A second technique works at the genetic level by inserting an innocuous retrovirus into ventricular cells. The retrovirus does not affect normal functioning, but its genetic information is incorporated into the living cells' DNA and faithfully replicated in the cells of future generations. The genetic code of the retrovirus can thus be used as a marker, much as dyes were used in the preceding technique. Here, though, the technique allows an investigator to observe successive generations of cells rather than the spatial distribution of cells that are all from one generation.

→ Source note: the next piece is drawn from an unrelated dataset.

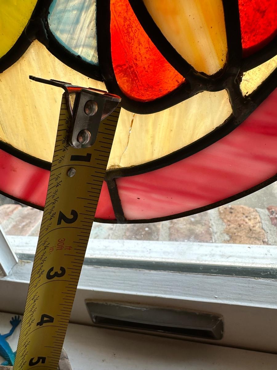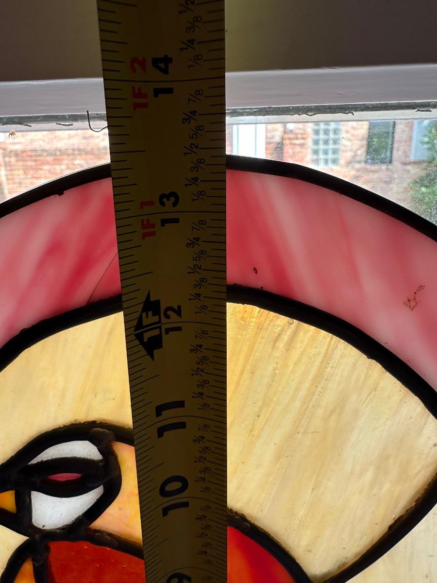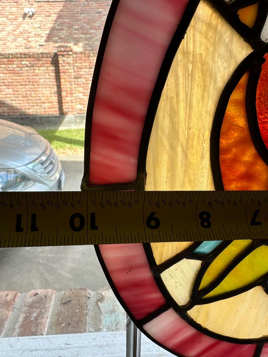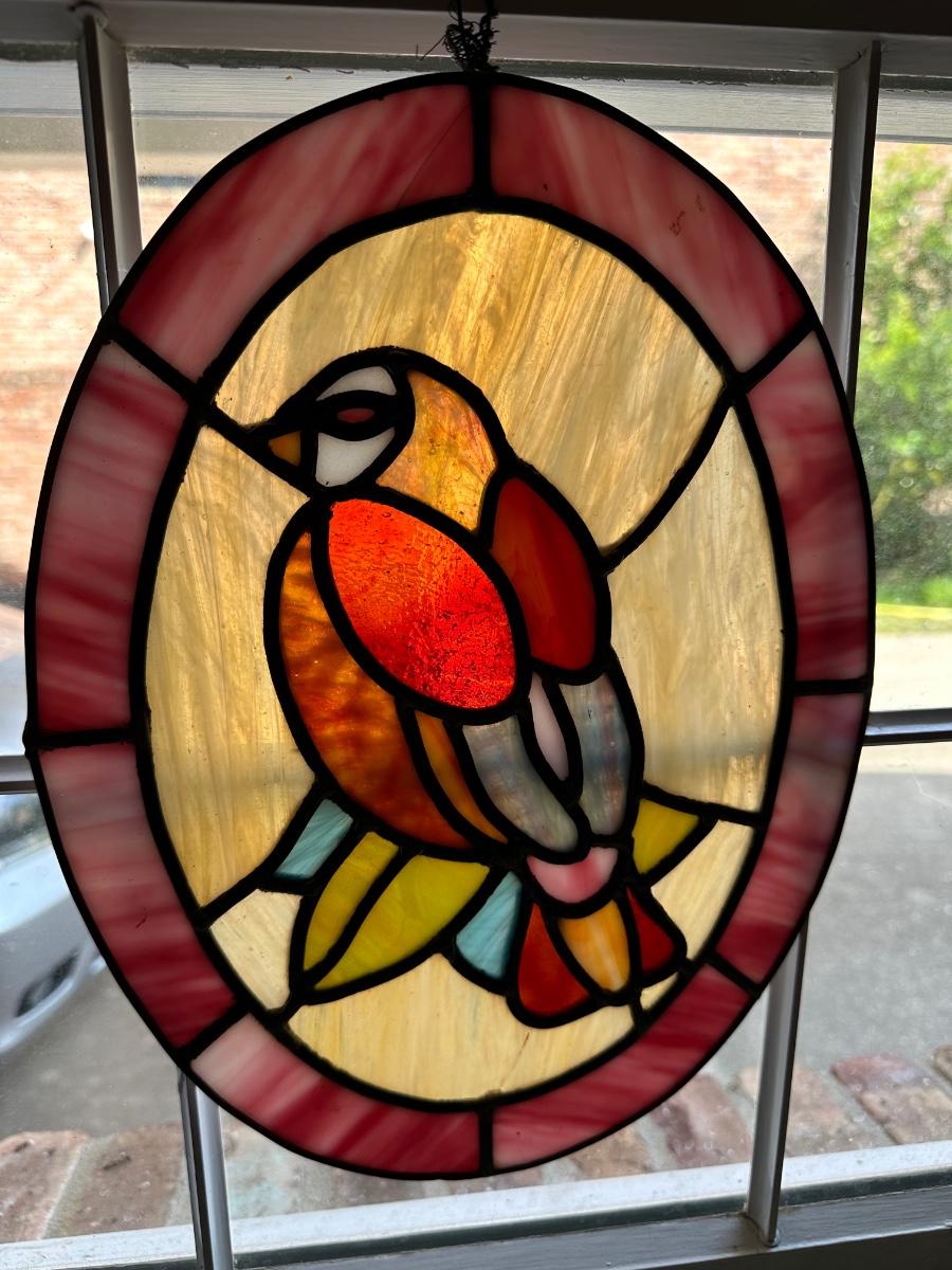 Stained glass bird has minor cracks in the glass but it is still solid.

FIGURE 6.2.. The human brain develops from the tip of a 3-millimeter-long neural tube.


The human brain develops from the tip of a 3-millimeter-long neural tube. At three to four weeks after conception, the neural groove closes into a tube, and three distinct regions—a hindbrain, midbrain, and forebrain—begin to take form. (more...)

The third technique gives dramatic results by knocking out one generation of cells altogether. For example, exposing a pregnant monkey to x-ray irradiation at a particular point in its pregnancy will interfere with cell division at a discrete stage, so that the cells, say, for layer 3 of the limbic cortex are not generated. Subsequent layers are generated and laid down normally, but with a particular population of cells missing in the middle layer, the connections from one part of the brain to another may falter. Thus, the individual may find it difficult to bring together different types of information or to respond appropriately to a stimulus. Disorders of this kind, which have less to do with overall anatomical structure than with the brain's ability to form and use synaptic connections, may play a role in some psychiatric illnesses for which there is no obvious physical cause.

The cerebral cortex is a fascinating object of study from many perspectives. It comprises by far the largest portion of the human brain—about three-quarters, in the adult—and is arguably the single anatomical structure that most sets us apart from other animals, even from other hominoids such as the chimpanzee (with whom we share well over 95 percent of our genetic makeup). Yet apparently no single transmitter or type of cell is unique to the human cerebral cortex; the molecules found in the cortex can also be found elsewhere, in our muscles, heart, and intestines and in the brains of other animals as well. The molecules, and even the cells, may be the same; it is the patterns of connectivity that make a difference. The connections, or synapses, among neurons in the human brain are not only more numerous but also more intricately patterned than anything that has ever been constructed to process information, including the most sophisticated supercomputer.

A structure so complex must be considered in smaller units if it is to be understood at all, and up to now neuroscience has managed to get along quite well with two mutually incompatible systems. One system for subdivision was devised by the German psychiatrist K. Brodmann at the turn of the century. Brodmann distinguished 57 areas of the cortical surface on the basis of their tissue composition, and the reference numbers he assigned are still widely used today. A researcher giving a talk before an international audience of neuroscientists can mention "area 44" and be understood without further explication. The other system subdivides the cortex into areas of specialized function—which do not correspond well to Brodmann's physically discrete areas, unfortunately. Thus, in terms of function, one can refer to Broca's area, which controls the ability to translate thoughts into speech (but not the ability to understand when someone else speaks; that function is housed in Wernicke's area, which is nearby, but not adjacent). The area is defined quite clearly in terms of its function, but its physical extent is harder to outline. In Brodmann's scheme, Broca's area occupies some of area 44 and some of area 45, as well as a little of area 4.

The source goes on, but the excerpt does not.